Propriétaire = Investir, c’est donc dépenser son argent pour acheter quelque chose ; C’est transformer une masse d’argent épargnée, accumulée, pour devenir propriétaire d’un actif ;

Actif = Cet actif pourra être matériel ou immatériel. Il pourra s’agir d’acheter un bien immobilier, une terre agricole, une forêt, une voiture, un garage, mais aussi, d’une action, d’une part dans une entreprise, de l’acquisition d’un fonds de commerce à défaut de créer une boutique en ligne, d’un brevet …

Exploitation = C’est l’exploitation de cet actif qui permettra de générer un flux pérenne et donc qui apportera de la valeur à votre investissement ; Ce flux pourra être financier ou non ; Il pourra simplement s’agir d’économiser un loyer ou loger sa famille pour l’acquisition d’une résidence principale ou secondaire ; Loger une autre famille par l’immobilier locatif, créer un fonds de commerce en mettant en place une chambre d’hôtes et autre location saisonnière, mais aussi confier l’exploitation des actifs à un tiers via l’acquisition de parts d’entreprises ou d’actions ;

Flux perenne = C’est la capacité à générer un flux à long terme qui permet d’assurer une valeur élevé à l’investissement. Plus le doute est élevé sur la durabilité du flux ou sur les moyens à mettre en œuvre pour le maintenir, moins l’investissement aura une valeur élevé car la rentabilité devra être supérieure. Par exemple, c’est cette raison qui explique le différentiel de rendement entre l’immobilier patrimonial et l’immobilier de rendement (cf »La différence entre l’investissement immobilier de rendement et l’immobilier patrimonial ! »). Le raisonnement est le même pour l’acquisition d’une action ou de parts d’une entreprise : Plus la visibilité sur le modèle économique de l’entreprise est élevé, plus le prix de l’action est élevé, et donc sa rentabilité pour l’actionnaire faible (cf »Réussir son investissement c’est comprendre la différence entre le prix et la valeur« )
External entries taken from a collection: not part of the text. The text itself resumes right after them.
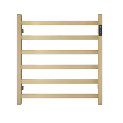 Premium Brushed Gold Heated Towel Rack with LED control- 6 Bars, Square Design, AU Standard, 650x620mm Wide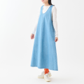 表情豊かな10ozデニムのジャンパースカート。深めに設定したUネックがポイントで、顔まわりをすっきりと見せてくれます。シンプルなデザインのため、インナー次第でオールシーズン活躍。脇シームポケット付きで、実用性も兼ね備えた一着です。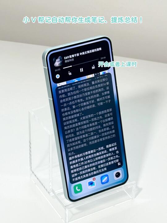 [仙女R]首先是小 V 帮记功能,上课或者开会的时候开启,它会自动帮你生成笔记、提炼总结,就像拥有了一位智能秘书,真的很方便!
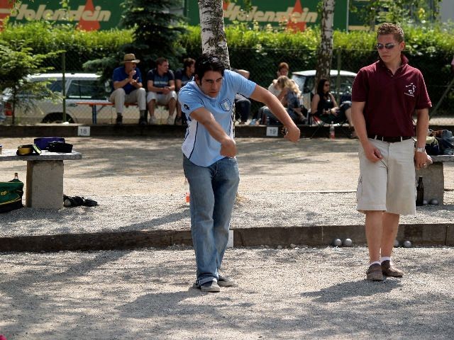 Abends treffen weitere Bouler auf dem Campingplatz ein. Wir schauen ein WM-Spiel auf der Großleinwand. Eine DM mit Kurcharakter.
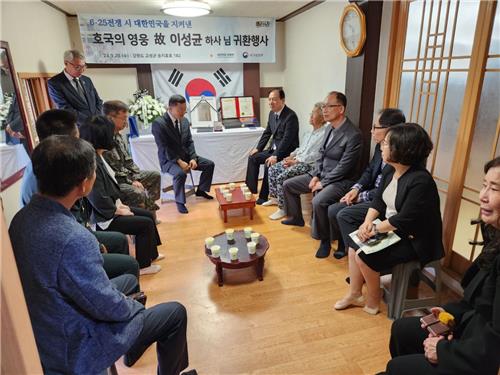 | ▲ Lee Keun-won (2nd from L, back), head of the defense ministry's Agency for KIA Recovery and Identification, speaks with family members of the late Ssg. Lee Seong-kyun, killed during the 1950-53 Korean War, in a ceremony marking his return at Goseong, 154 kilometers northeast of Seoul, in this photo provided by the ministry. (PHOTO NOT FOR SALE) (Yonhap) |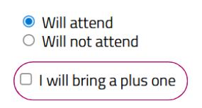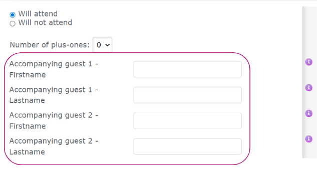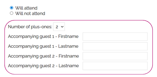 The participant can indicate whether they will attend with accompanying guests and, if applicable, enter the requested first and last names.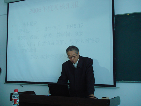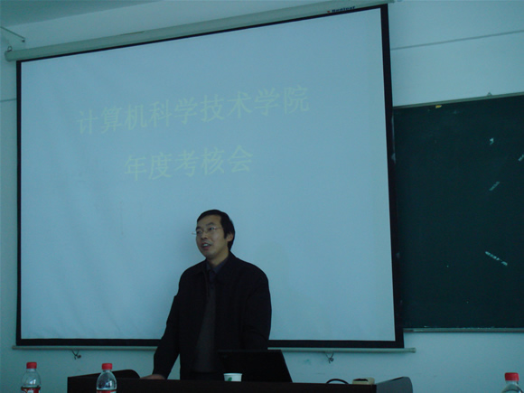 12月9日上午,计算机科学技术学院全体教授向全院教职员工进行2006年度述职,对照学校的制订的岗位职责,各位教授汇报了在教学、科研、学科、学术、人才培养、实验室建设等方面的工作,以及在学校建设一流大学和一流学科中所发挥的作用。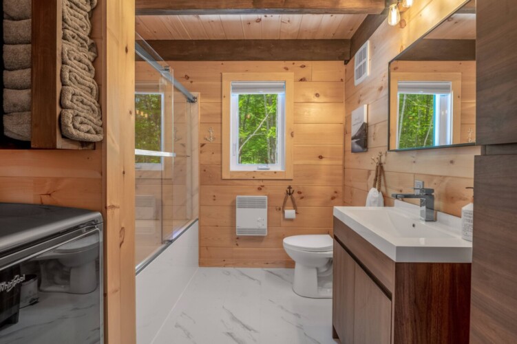 Air climatisé- Bureau de travail -Chauffage -Cintres dans les placards -Bain Cuisine -Laveuse à vêtements Planchers chauffant -Séchoir à cheveux- Sécheuse à vêtements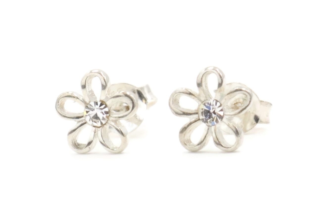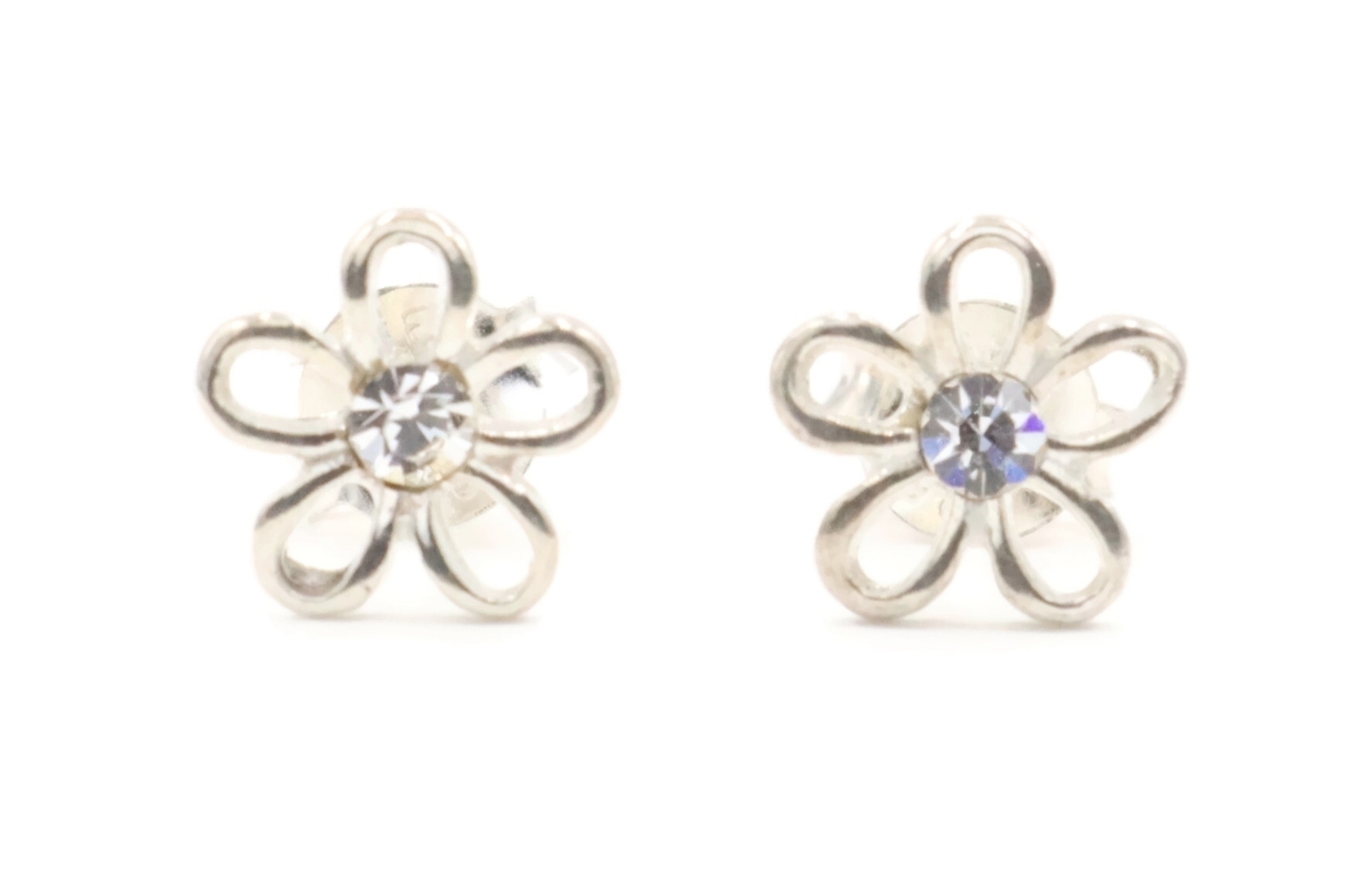Sterling Silver (925) Round Cut Clear Cubic Zirconia 7.3mm Flower Stud Earrings. These earrings each have an approximate width of 7.3mm.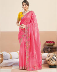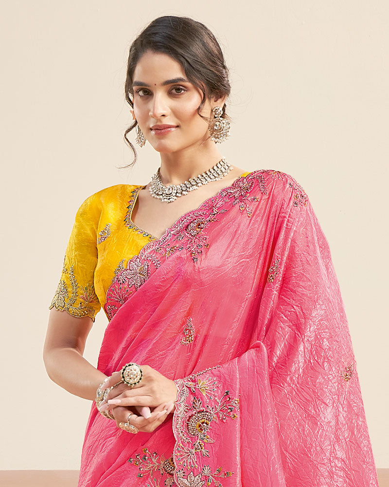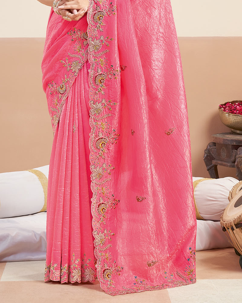 Warm Pink Designer Gold Crush Saree With Embroidery-Diamond Work And Cut Work Border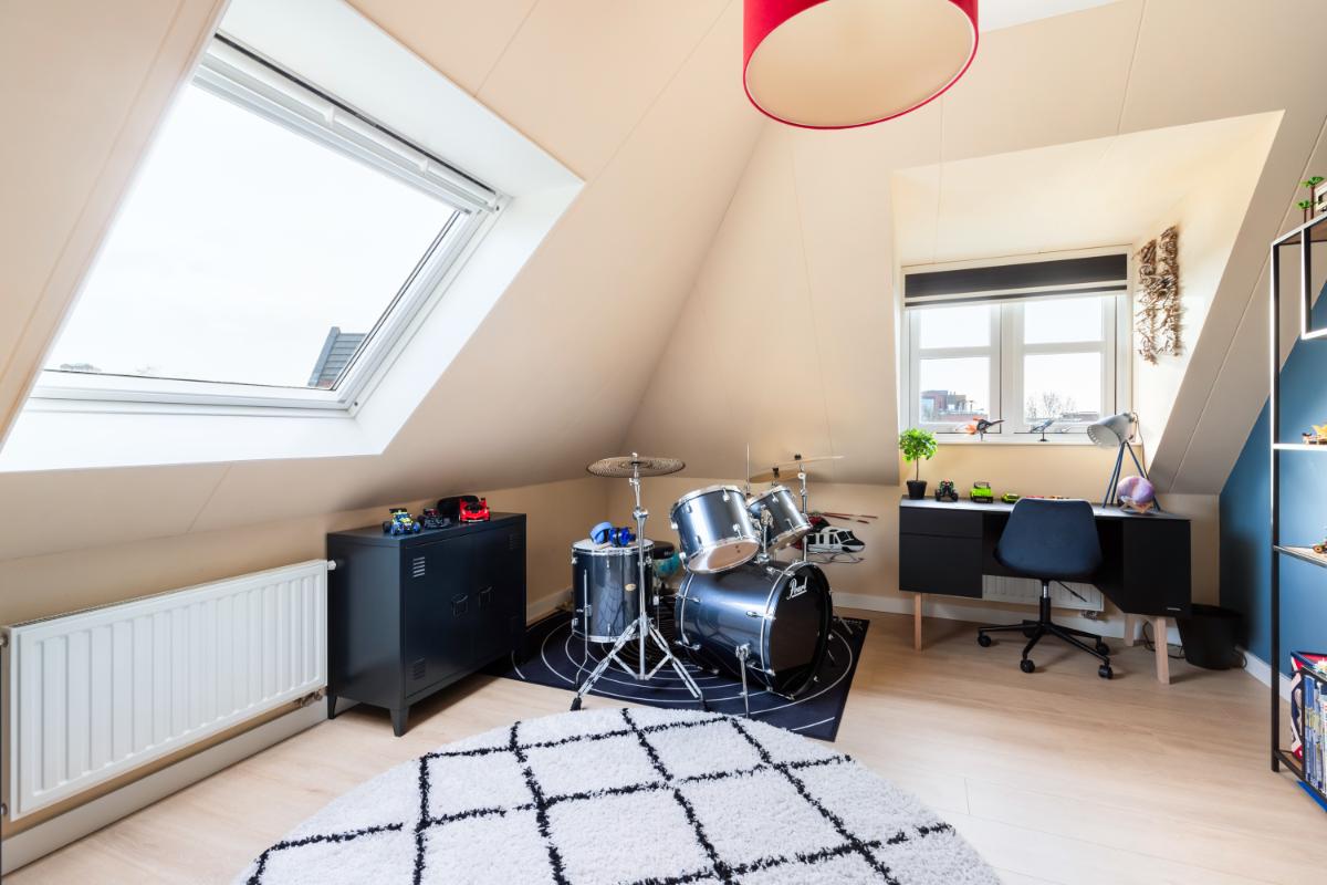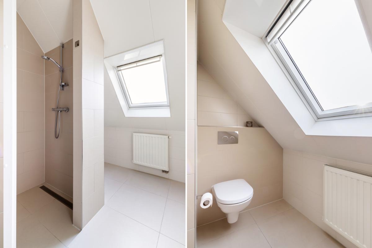 Tweede verdieping: ook de tweede verdieping is verrassend ruim. De overloop geeft toegang tot twee grote slaapkamers, beide voorzien van een dakkapel, Veluxraam en laminaatvloer. Daarnaast is hier een tweede badkamer aanwezig met inloopdouche, toilet, wastafel en Veluxraam, ideaal voor een groot gezin of gasten.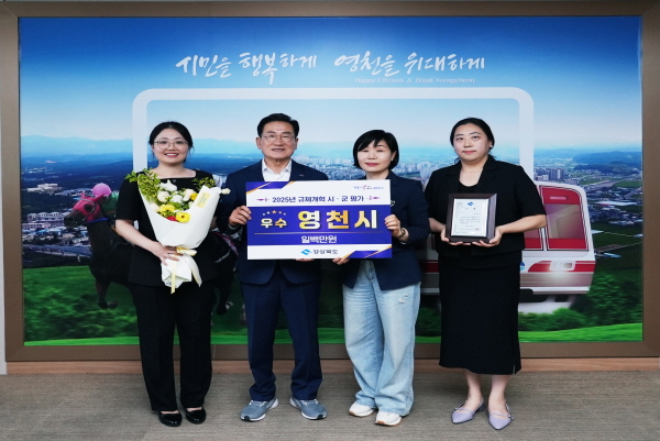 (경북=NSP통신) 김대원 기자 = 영천시는 지난 23일 안동 스탠포드호텔에서 열린 경북도 주관 ‘2025년 규제개혁 추진실적 시·군 평가’에서 우수상을 받았다.

Long terme = Investir,c’est être capable de se projette à long terme. Ce qui importe n’est pas tant le flux généré à l’instant T que le flux qui pourra être généré par l’exploitation à long terme. L’investisseur de long terme aime à trouver un actif insuffisamment exploité qu’il saura exploiter de manière optimale afin d’augmenter le flux généré à long terme.

 

Vous l’avez compris, il ne faut pas confondre investir et épargner ; Épargner, même sur les marchés financiers, ce n’est pas investir ! Lorsque vous suivez les conseils de votre banquier pour arbitrer votre fonds euros sur les unités de compte, vous ne réalisez pas un investissement, vous spéculez avec votre épargne. Vous n’êtes absolument en train d’acheter un actif dont l’exploitation générera un flux perenne à long terme, vous spéculez, faites un pari, sur le niveau global du prix des entreprises pour augmenter la valeur de votre capital.

Spéculer, c’est être soumis à la dictature de l’irrationnel et du court terme, c’est perdre à tous les coups face aux initiés qui manœuvrent le marché (cf « Ne pas confondre spéculer en bourse et investir dans le capital d’une entreprise.« ).

Investir, c’est profiter du marché pour acheter à bon prix un actif dont la valeur de long terme est supérieure.

Ainsi, épargner et investir sont deux notions très différentes qu’il convient de ne pas confondre même si elles opèrent sur un même lieu : Le marché. Qu’ils s’agisse d’un marché immobilier ou d’un marché action, le marché n’est que le lieu de fixation du prix à court terme ; C’est lieu de confrontation de l’offre et de la demande qui ne reflète pas toujours la valeur de long terme de l’actif.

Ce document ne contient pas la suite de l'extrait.